Record extracts
....................
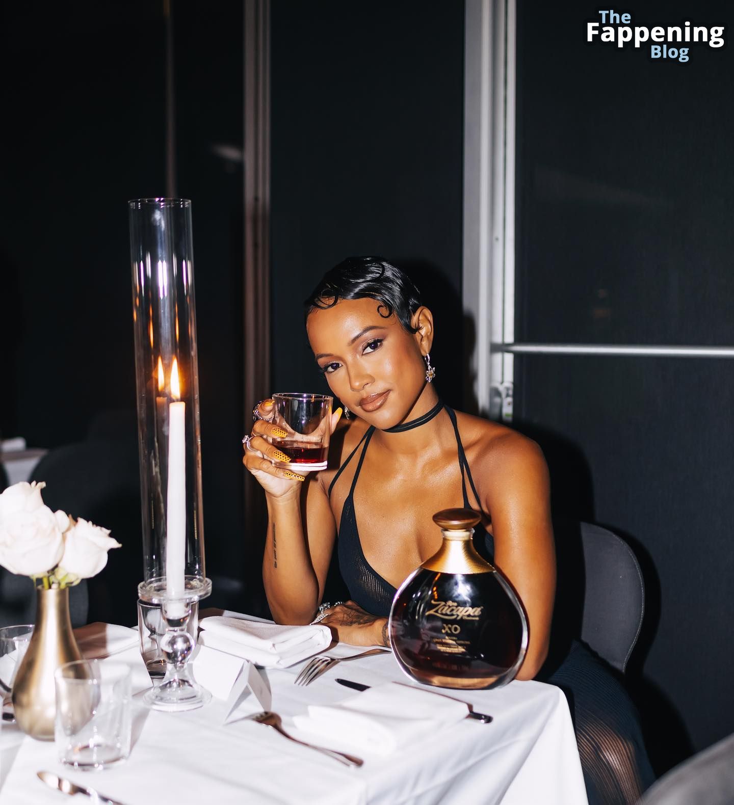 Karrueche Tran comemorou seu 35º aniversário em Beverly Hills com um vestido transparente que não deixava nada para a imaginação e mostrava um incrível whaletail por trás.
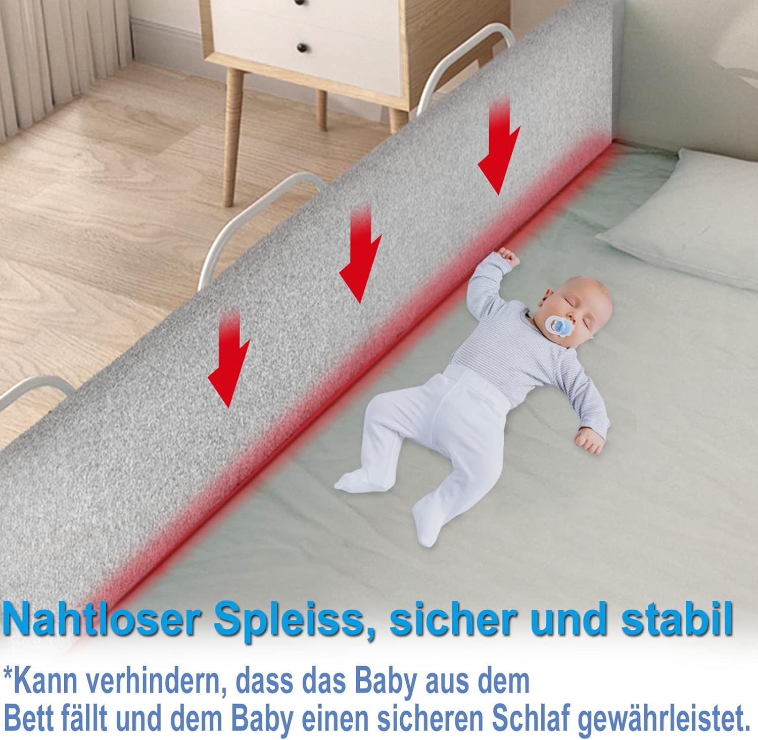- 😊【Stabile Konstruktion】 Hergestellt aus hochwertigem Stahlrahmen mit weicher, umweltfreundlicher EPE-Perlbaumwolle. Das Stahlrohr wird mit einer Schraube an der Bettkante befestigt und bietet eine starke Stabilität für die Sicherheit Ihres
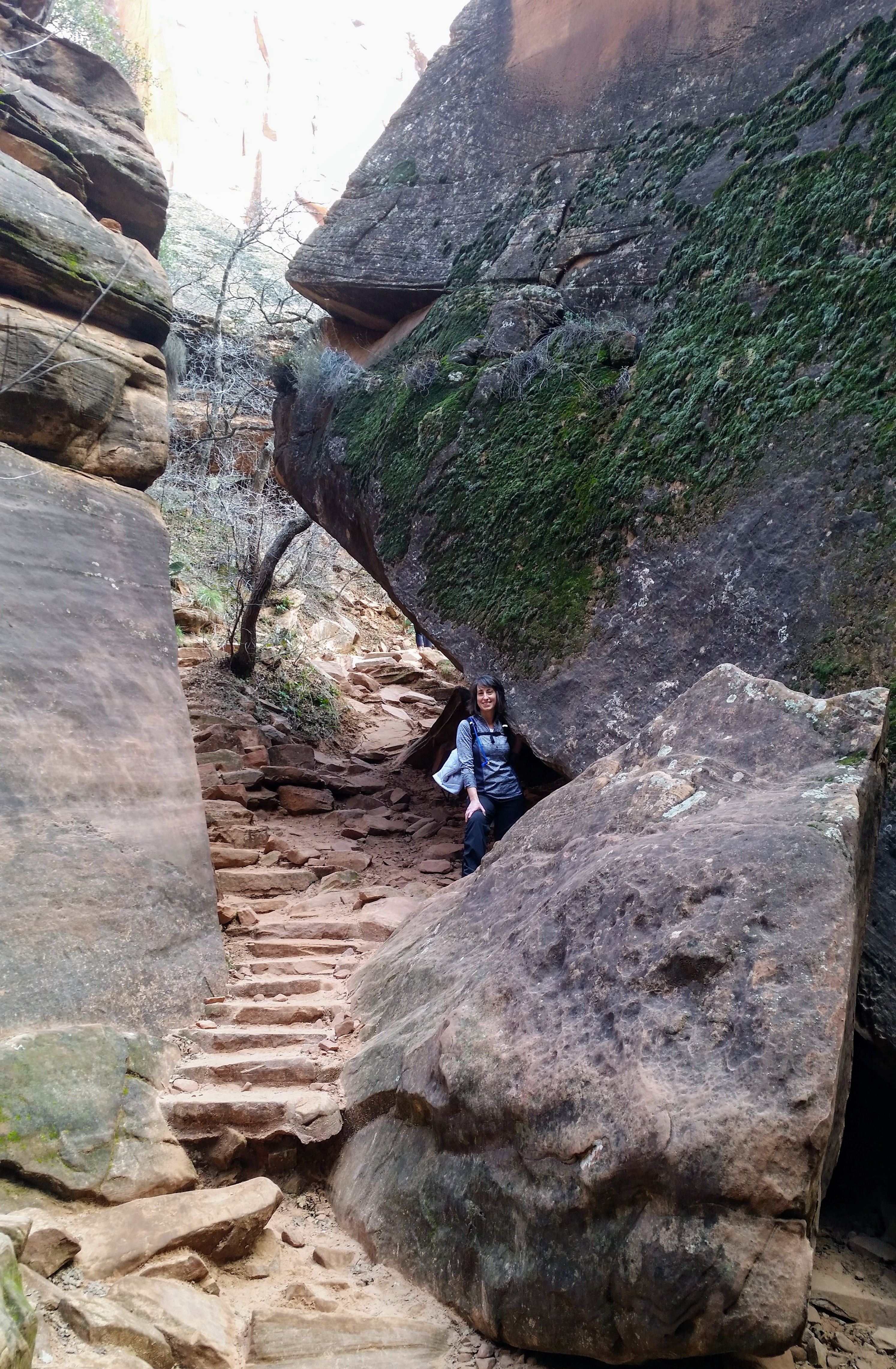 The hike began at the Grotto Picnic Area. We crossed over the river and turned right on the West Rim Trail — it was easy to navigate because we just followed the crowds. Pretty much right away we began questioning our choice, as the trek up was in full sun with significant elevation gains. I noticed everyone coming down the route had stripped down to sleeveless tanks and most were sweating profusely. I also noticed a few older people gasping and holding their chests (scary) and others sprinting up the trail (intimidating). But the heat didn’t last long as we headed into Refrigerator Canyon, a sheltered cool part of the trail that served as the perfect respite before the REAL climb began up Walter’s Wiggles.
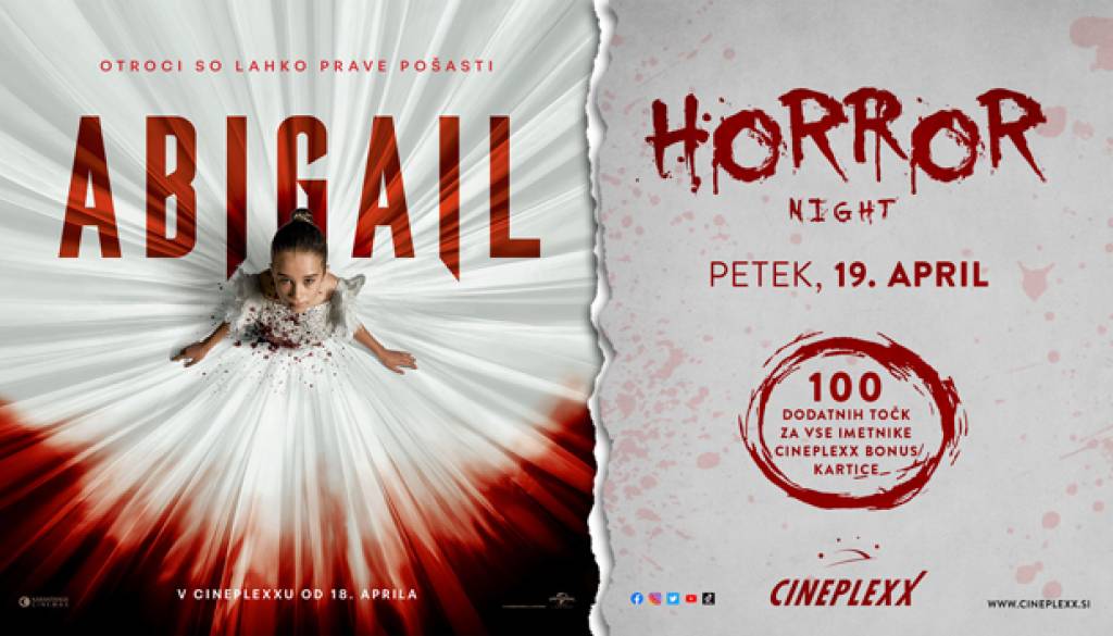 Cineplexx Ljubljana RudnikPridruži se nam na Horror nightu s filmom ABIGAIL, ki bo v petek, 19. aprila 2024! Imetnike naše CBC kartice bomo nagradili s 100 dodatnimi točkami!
....................
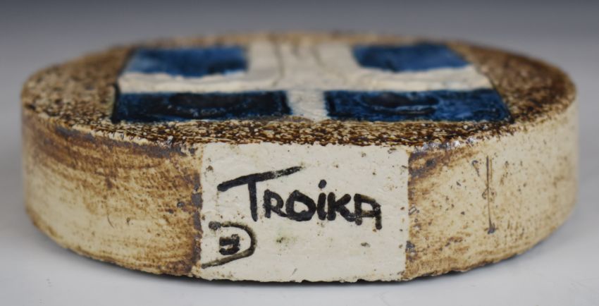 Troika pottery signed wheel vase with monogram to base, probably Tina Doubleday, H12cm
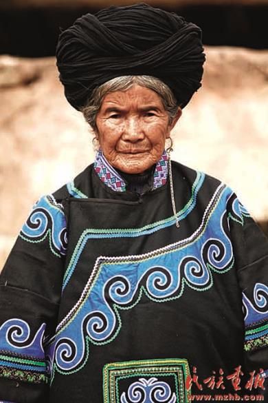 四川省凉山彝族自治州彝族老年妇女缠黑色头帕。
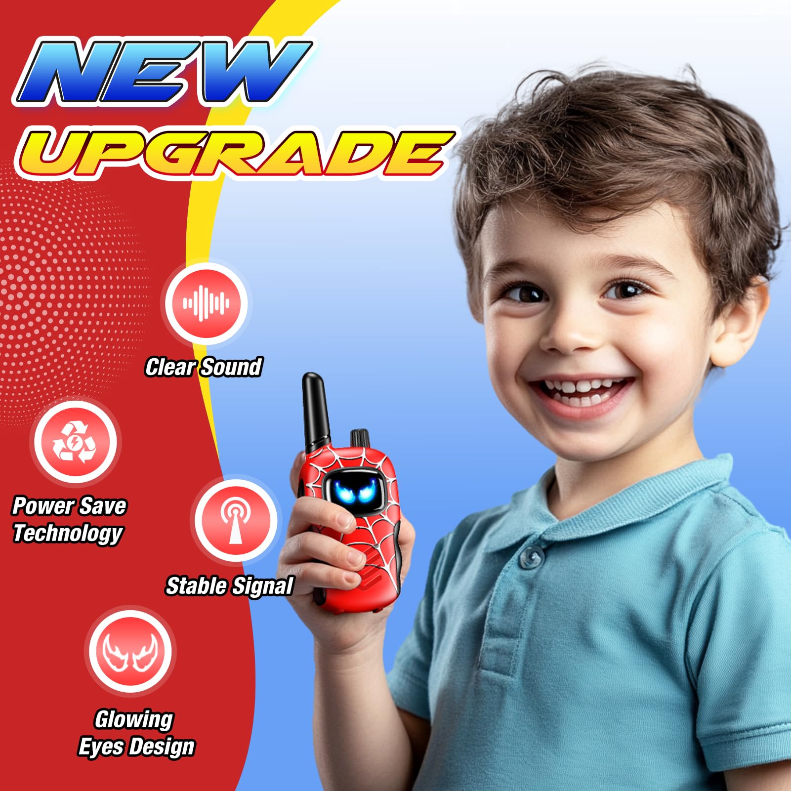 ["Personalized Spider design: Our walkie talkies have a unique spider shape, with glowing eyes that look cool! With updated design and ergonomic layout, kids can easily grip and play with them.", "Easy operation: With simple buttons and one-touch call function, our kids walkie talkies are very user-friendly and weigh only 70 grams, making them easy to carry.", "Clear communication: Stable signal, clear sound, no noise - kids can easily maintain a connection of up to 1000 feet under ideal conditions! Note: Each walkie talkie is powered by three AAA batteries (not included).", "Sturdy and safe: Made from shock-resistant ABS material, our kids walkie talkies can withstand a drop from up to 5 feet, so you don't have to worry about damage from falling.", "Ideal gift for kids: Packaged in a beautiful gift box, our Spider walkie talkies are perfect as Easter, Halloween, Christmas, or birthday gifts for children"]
....................
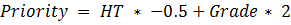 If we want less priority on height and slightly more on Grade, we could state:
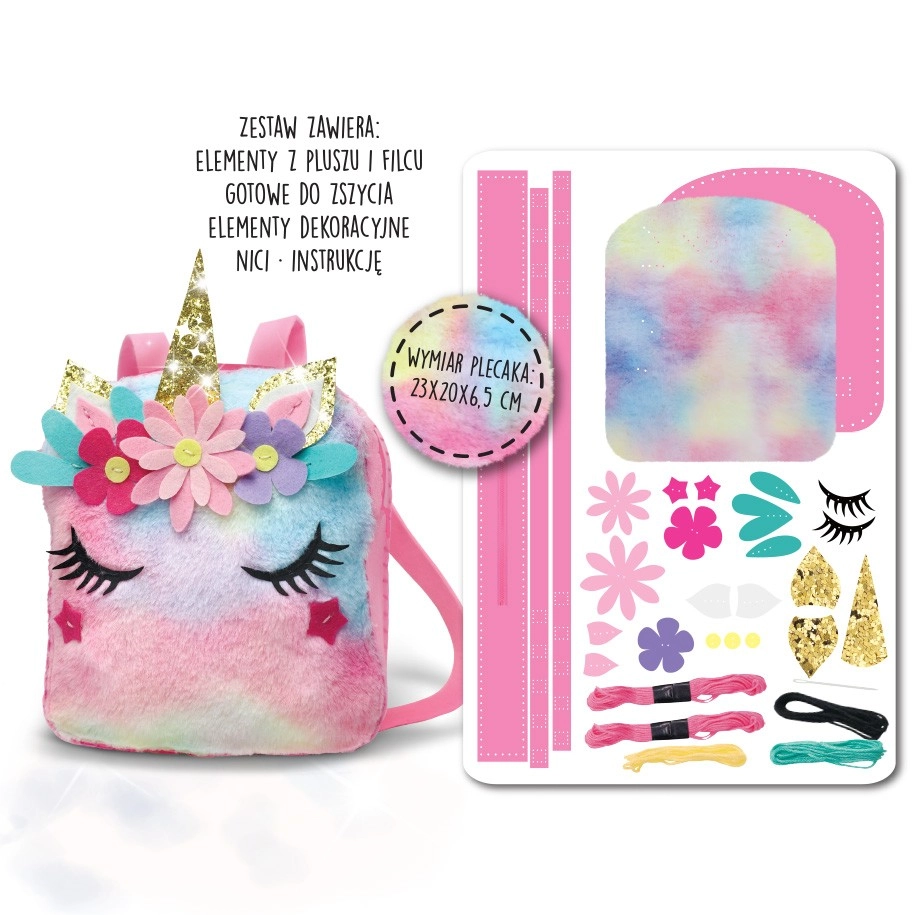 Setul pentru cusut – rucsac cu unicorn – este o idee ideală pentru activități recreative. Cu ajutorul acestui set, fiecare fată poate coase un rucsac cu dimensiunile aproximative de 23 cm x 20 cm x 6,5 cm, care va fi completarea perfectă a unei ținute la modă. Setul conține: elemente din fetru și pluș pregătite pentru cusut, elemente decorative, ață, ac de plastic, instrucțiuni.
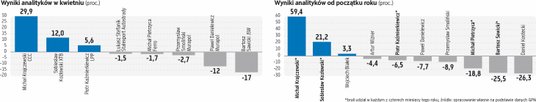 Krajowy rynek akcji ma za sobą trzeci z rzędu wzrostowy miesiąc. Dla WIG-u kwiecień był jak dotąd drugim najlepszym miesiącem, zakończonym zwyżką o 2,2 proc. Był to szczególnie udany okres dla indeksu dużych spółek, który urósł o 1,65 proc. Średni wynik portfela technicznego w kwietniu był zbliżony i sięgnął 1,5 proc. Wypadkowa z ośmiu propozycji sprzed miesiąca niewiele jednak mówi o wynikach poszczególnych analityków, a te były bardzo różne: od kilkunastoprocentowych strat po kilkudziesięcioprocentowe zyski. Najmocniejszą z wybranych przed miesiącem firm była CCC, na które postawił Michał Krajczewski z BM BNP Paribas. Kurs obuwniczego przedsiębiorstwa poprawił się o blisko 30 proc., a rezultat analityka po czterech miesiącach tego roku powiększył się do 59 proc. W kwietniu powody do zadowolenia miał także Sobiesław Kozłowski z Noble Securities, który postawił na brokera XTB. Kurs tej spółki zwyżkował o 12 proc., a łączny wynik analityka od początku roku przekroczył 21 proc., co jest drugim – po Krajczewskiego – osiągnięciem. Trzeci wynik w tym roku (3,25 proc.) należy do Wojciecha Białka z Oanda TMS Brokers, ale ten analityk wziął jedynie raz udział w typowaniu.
....................
Your instructions
Your answer must be everything above from the line with "If we want less" down to the line with "Krajowy rynek akcji", word for word, and no pictures.

Solution to the exercise
 If we want less priority on height and slightly more on Grade, we could state:
 Setul pentru cusut – rucsac cu unicorn – este o idee ideală pentru activități recreative. Cu ajutorul acestui set, fiecare fată poate coase un rucsac cu dimensiunile aproximative de 23 cm x 20 cm x 6,5 cm, care va fi completarea perfectă a unei ținute la modă. Setul conține: elemente din fetru și pluș pregătite pentru cusut, elemente decorative, ață, ac de plastic, instrucțiuni.
 Krajowy rynek akcji ma za sobą trzeci z rzędu wzrostowy miesiąc. Dla WIG-u kwiecień był jak dotąd drugim najlepszym miesiącem, zakończonym zwyżką o 2,2 proc. Był to szczególnie udany okres dla indeksu dużych spółek, który urósł o 1,65 proc. Średni wynik portfela technicznego w kwietniu był zbliżony i sięgnął 1,5 proc. Wypadkowa z ośmiu propozycji sprzed miesiąca niewiele jednak mówi o wynikach poszczególnych analityków, a te były bardzo różne: od kilkunastoprocentowych strat po kilkudziesięcioprocentowe zyski. Najmocniejszą z wybranych przed miesiącem firm była CCC, na które postawił Michał Krajczewski z BM BNP Paribas. Kurs obuwniczego przedsiębiorstwa poprawił się o blisko 30 proc., a rezultat analityka po czterech miesiącach tego roku powiększył się do 59 proc. W kwietniu powody do zadowolenia miał także Sobiesław Kozłowski z Noble Securities, który postawił na brokera XTB. Kurs tej spółki zwyżkował o 12 proc., a łączny wynik analityka od początku roku przekroczył 21 proc., co jest drugim – po Krajczewskiego – osiągnięciem. Trzeci wynik w tym roku (3,25 proc.) należy do Wojciecha Białka z Oanda TMS Brokers, ale ten analityk wziął jedynie raz udział w typowaniu.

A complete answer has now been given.